### ASSIGNED TASK
One part of the entries below is wanted: the lines from the one containing "内镜黏膜下剥离术(ESD)是" through the one containing "Featured in The". Write those out exactly and nothing else.
─── RECORDS SUPPLIED ───
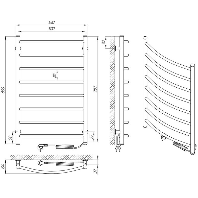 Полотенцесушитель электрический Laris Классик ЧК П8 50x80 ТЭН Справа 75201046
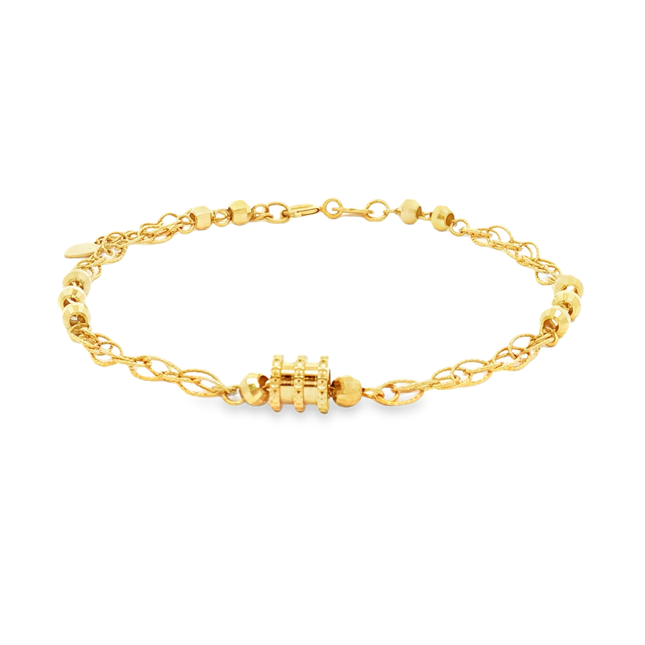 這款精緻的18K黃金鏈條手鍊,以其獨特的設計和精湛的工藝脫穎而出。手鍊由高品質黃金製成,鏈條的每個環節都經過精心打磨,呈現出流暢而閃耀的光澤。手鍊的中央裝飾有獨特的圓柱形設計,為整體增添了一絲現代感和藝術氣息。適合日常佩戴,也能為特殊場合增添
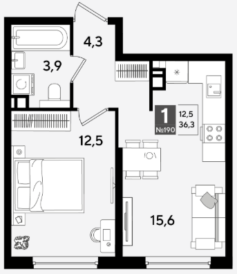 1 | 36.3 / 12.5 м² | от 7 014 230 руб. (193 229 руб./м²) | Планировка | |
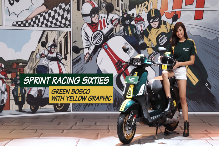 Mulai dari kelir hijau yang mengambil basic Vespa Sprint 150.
───
─── RECORDS SUPPLIED ───
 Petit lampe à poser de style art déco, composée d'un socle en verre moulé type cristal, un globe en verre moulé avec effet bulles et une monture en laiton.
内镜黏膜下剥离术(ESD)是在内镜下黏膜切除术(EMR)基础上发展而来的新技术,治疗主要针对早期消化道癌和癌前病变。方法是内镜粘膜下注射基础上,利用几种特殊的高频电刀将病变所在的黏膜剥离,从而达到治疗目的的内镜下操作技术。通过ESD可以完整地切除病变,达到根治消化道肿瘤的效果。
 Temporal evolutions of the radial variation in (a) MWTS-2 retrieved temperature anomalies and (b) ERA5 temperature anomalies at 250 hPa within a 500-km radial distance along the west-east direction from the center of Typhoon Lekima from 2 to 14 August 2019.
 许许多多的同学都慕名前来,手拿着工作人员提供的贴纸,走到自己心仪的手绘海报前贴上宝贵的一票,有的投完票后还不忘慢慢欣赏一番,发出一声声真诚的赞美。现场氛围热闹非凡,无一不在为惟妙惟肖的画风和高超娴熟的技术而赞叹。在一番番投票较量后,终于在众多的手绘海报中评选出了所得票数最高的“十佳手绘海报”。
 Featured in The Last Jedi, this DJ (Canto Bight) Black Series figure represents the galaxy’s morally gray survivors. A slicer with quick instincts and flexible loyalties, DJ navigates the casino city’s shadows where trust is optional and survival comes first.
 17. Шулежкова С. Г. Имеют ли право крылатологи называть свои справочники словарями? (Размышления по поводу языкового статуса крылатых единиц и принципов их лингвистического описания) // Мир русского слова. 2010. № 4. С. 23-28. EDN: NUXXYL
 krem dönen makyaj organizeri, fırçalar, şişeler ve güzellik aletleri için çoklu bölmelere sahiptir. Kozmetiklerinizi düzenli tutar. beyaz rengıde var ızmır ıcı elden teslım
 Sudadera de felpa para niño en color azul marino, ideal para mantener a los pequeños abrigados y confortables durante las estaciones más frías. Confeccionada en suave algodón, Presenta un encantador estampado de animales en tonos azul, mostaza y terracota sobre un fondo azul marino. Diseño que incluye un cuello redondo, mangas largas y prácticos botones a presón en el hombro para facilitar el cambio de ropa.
───
### THE COMPLETED TASK
内镜黏膜下剥离术(ESD)是在内镜下黏膜切除术(EMR)基础上发展而来的新技术,治疗主要针对早期消化道癌和癌前病变。方法是内镜粘膜下注射基础上,利用几种特殊的高频电刀将病变所在的黏膜剥离,从而达到治疗目的的内镜下操作技术。通过ESD可以完整地切除病变,达到根治消化道肿瘤的效果。
 Temporal evolutions of the radial variation in (a) MWTS-2 retrieved temperature anomalies and (b) ERA5 temperature anomalies at 250 hPa within a 500-km radial distance along the west-east direction from the center of Typhoon Lekima from 2 to 14 August 2019.
 许许多多的同学都慕名前来,手拿着工作人员提供的贴纸,走到自己心仪的手绘海报前贴上宝贵的一票,有的投完票后还不忘慢慢欣赏一番,发出一声声真诚的赞美。现场氛围热闹非凡,无一不在为惟妙惟肖的画风和高超娴熟的技术而赞叹。在一番番投票较量后,终于在众多的手绘海报中评选出了所得票数最高的“十佳手绘海报”。
 Featured in The Last Jedi, this DJ (Canto Bight) Black Series figure represents the galaxy’s morally gray survivors. A slicer with quick instincts and flexible loyalties, DJ navigates the casino city’s shadows where trust is optional and survival comes first.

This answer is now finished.